Tung-Hui Hu

Discipline: Poetry

Based In: Ann Arbor, MI

Year at Millay: 2007

Awards/Honors: Prize Winner, Literature, Rome Prize (Prix de Rome), American Academy in Rome, Rome, Italy (2022–2023); Fellow, Berlin Prize Fellowship, The American Academy in Berlin, Berlin, Germany (2018); Fellow, MacDowell, Peterborough, NH (2016, 2007); Grant Recipient, Creative Writing Fellowship Grant, National Endowment for the Arts, Washington, DC (2015).

Website: https://www.tunghui.hu/

Tung-Hui Hu is the author of three books of poetry, most recently Greenhouses, Lighthouses, which grew out of his graduate studies in film, as well as two studies of digital culture, A Prehistory of the Cloud and Digital Lethargy: Dispatches from an Age of Disconnection, an exploration of burnout, isolation, and disempowerment in the digital underclass.

A former network engineer, he is an Associate Professor of English at the University of Michigan. He is at work on two new projects: a book of poems on the idea of punishment, and a book on digital infrastructure in the global South.

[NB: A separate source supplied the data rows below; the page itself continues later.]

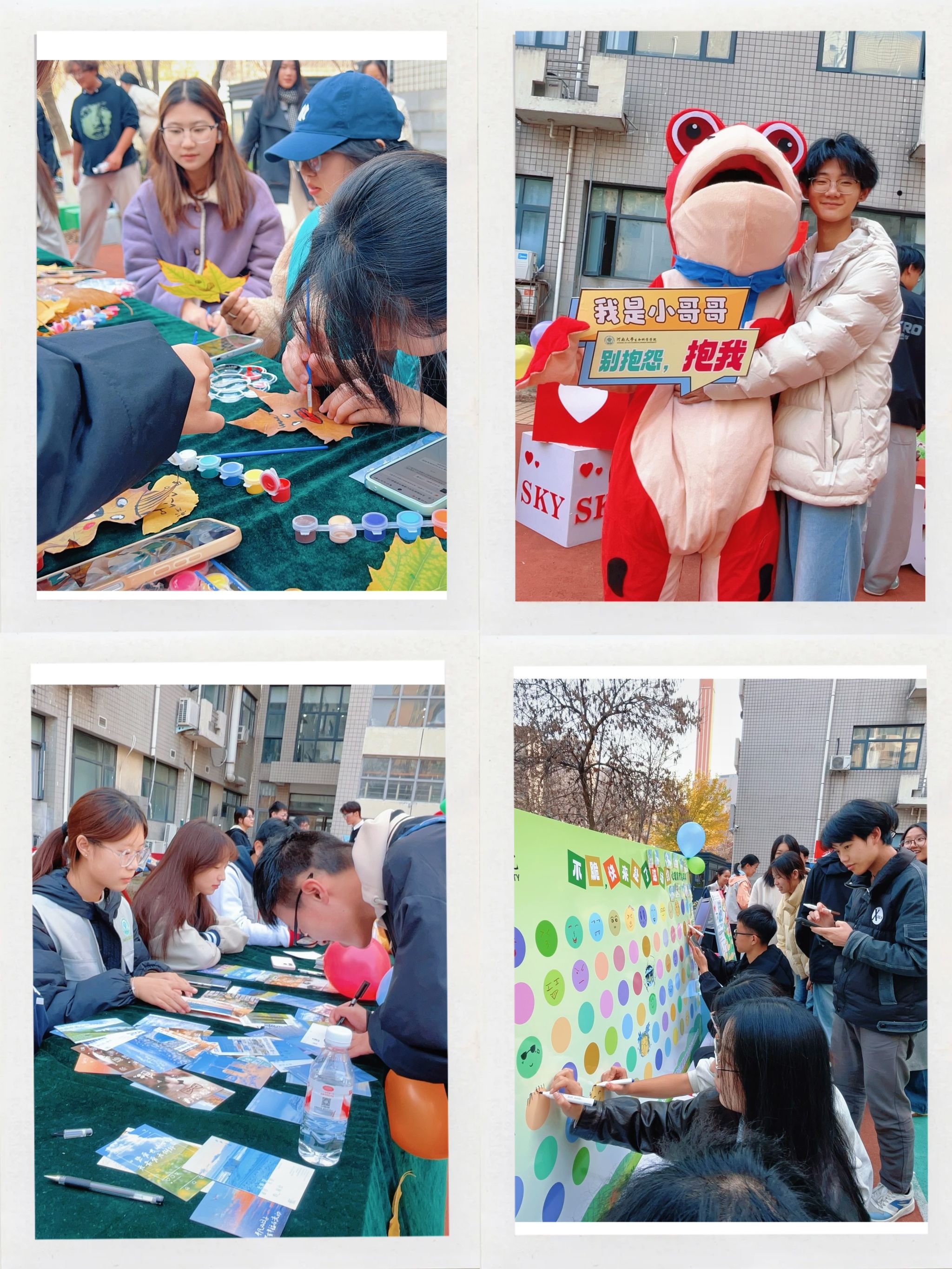以美育心,趣享治愈。11月13日,学院举行“不脆,快来赴了这场约”心理集市嘉年华,以多元美育体验为同学们缓解压力。集市包括“5摊1墙1抱抱”治愈快闪摊位,通过颜色和表情组合的“心情调色盘”,进行一秒自画像;“感恩留言墙”主题展板,让同学们留下给予自我帮助的一个人、回赠一句话,收获双倍温暖;“叶影绘心”摊位,借助光影将落叶轮廓拓印纸上,创作出专属作品;“片语浮光”让每一段温暖寄语都伴着自然意趣,在树叶上写下自己的座右铭,随机抽取现场互换;“套趣盆栽”快乐无限集结营里,同学们放肆欢笑,绿植、文创、糖果无限续,套中就有的快乐让大家流连忘返;“别抱怨·抱我”抱走烦恼抱抱团青蛙人偶互动将氛围推向高潮。活动让学生创作与互动中释放情绪、感知温暖,实现以美育人、以美化心的目标。
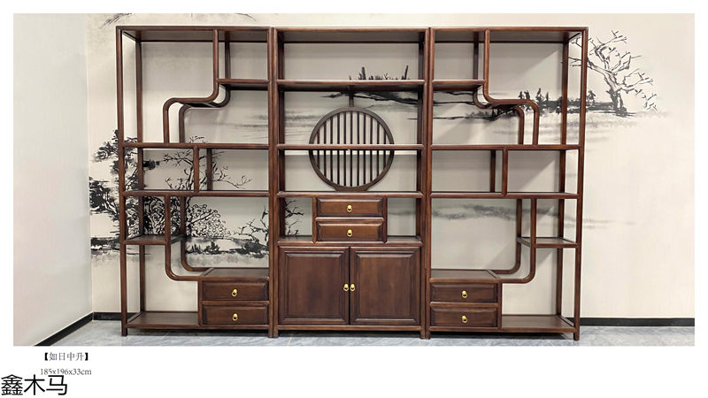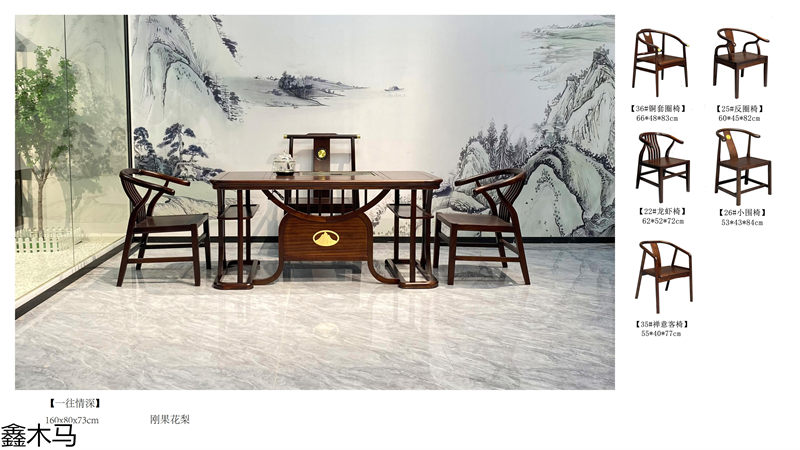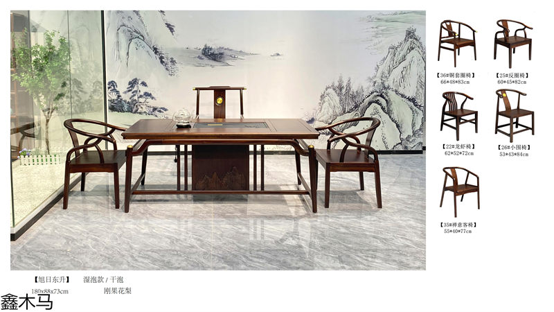 新中式风格茶台,南康实木茶桌、办公桌,新中式茶空间、办公家具,江西刚果花梨木、乌金木、格木茶台、茶椅、博古架,鑫木马家具生产厂家
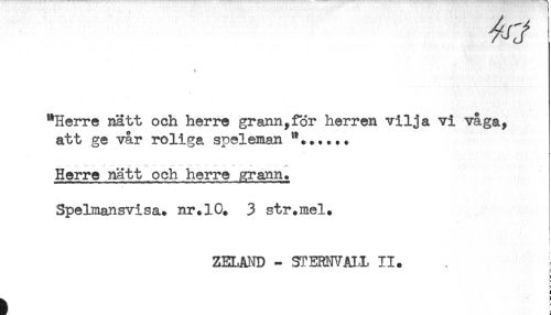 //// t //// "Herre hatt och herre grann,för herren vilja vi våga, //// att ge vår roliga speleman //// Herre nätt och herre grann. //// Spelmansvisa. nr. 10. 3 str.mel. //// ZELAND - STEHNVALL II. //// F //// ä * ! ////
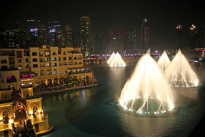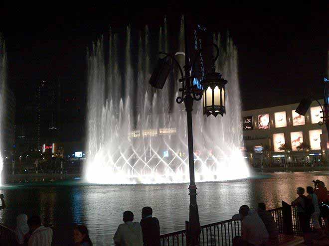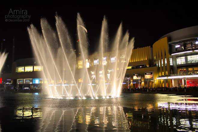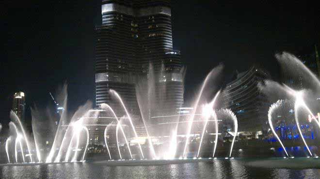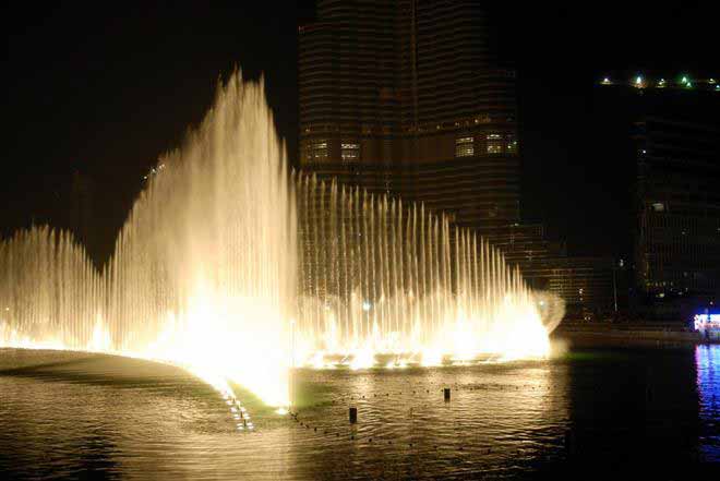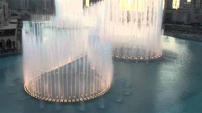 น้ำพุที่ว่านี้ก็คือ The Dubai Fountain หรือในชื่อ น้ำพุแห่งดูไบ ตั้งอยู่ในทะเลสาบบุรจญ์คาลิฟา ซึ่งเป็นสูญกลางของเมืองดูไบ ล้อมรอบไปด้วยบรรดาตึกที่มีชื่อเสียง อย่างเช่น บุรจญ์เคาะลีฟะฮ์ตึกที่สูงที่สุดในโลก น้ำพุแห่งนี้มีความยาวราว 250 เมตร เทียบได้กับสนามฟุตบอล 2 สนามรวมกันเลยทีเดียว สามารถพ่นน้ำปริมาณ 83,000 ลิตร ขึ้นไปในอากาศได้สูงกว่า 150 เมตร และสามารถมองเห็นได้ในระยะทางที่ไกลกว่า 300 กิโลเมตรจากที่สูง
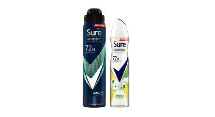 La marca de desodorantes Sure añadió dos nuevos aromas a su gama de aerosoles femeninos y masculinos existentes: Sure Nonstop Freesia & Waterlily y Sure Men Nonstop Sensitive. La adición de Sure Nonstop Protection Freesia & Waterlily aprovecha el 23 % de las mujeres que ven la fragancia como una consideración principal al elegir un antitranspirante. Con el 27 % de los compradores masculinos buscando productos que no irriten su piel, Sure Men Nonstop Protection Sensitive ofrece un desodorante para abordar este problema. Unilever señaló que la lata de antitranspirante está hecha con aluminio infinitamente reciclable y ensamblada en una fábrica que utiliza electricidad de la red renovable.
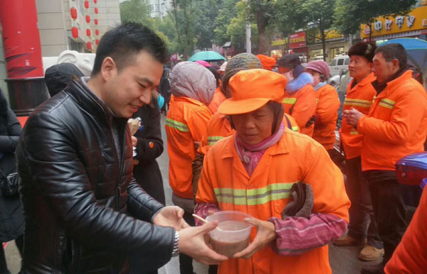 愛心企業(yè)為環(huán)衛(wèi)工免費送粥
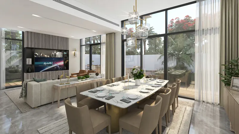 Murooj Al Furjan is a premium residential development by Nakheel, offering 4 and 5-bedroom villas set in the vibrant, green master community of Al Furjan. The name “Murooj,” meaning “green fields,” reflects the lush landscaping that complements the modern, timeless architecture.
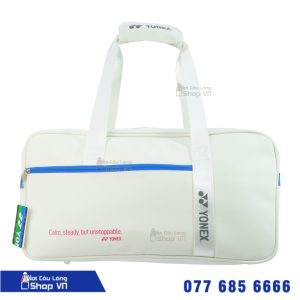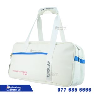 .Chiếc túi cầu lông Yonex 229BT006U màu trắng – Gia công là một ví dụ về thiết kế tươi đẹp, sở hữu màu trắng tinh khiết và điểm nhấn màu xanh nổi bật, đúng theo phong cách đặc trưng của thương hiệu Yonex. Đây là một sản phẩm thể thao đầy năng động, không chỉ hữu ích trong sân đấu mà còn là một biểu tượng thời trang.

He has received the Rome Prize in Literature from the American Academy in Rome and a National Endowment for the Arts fellowship for his poetry, and an American Academy in Berlin Prize for his research. His poems have been published in places such as Boston Review, The New Republic, Ploughshares, the Academy of American Poets’s Poem-a-Day, and the anthology Family Resemblance: An Anthology and Exploration of Hybrid Literary Genres.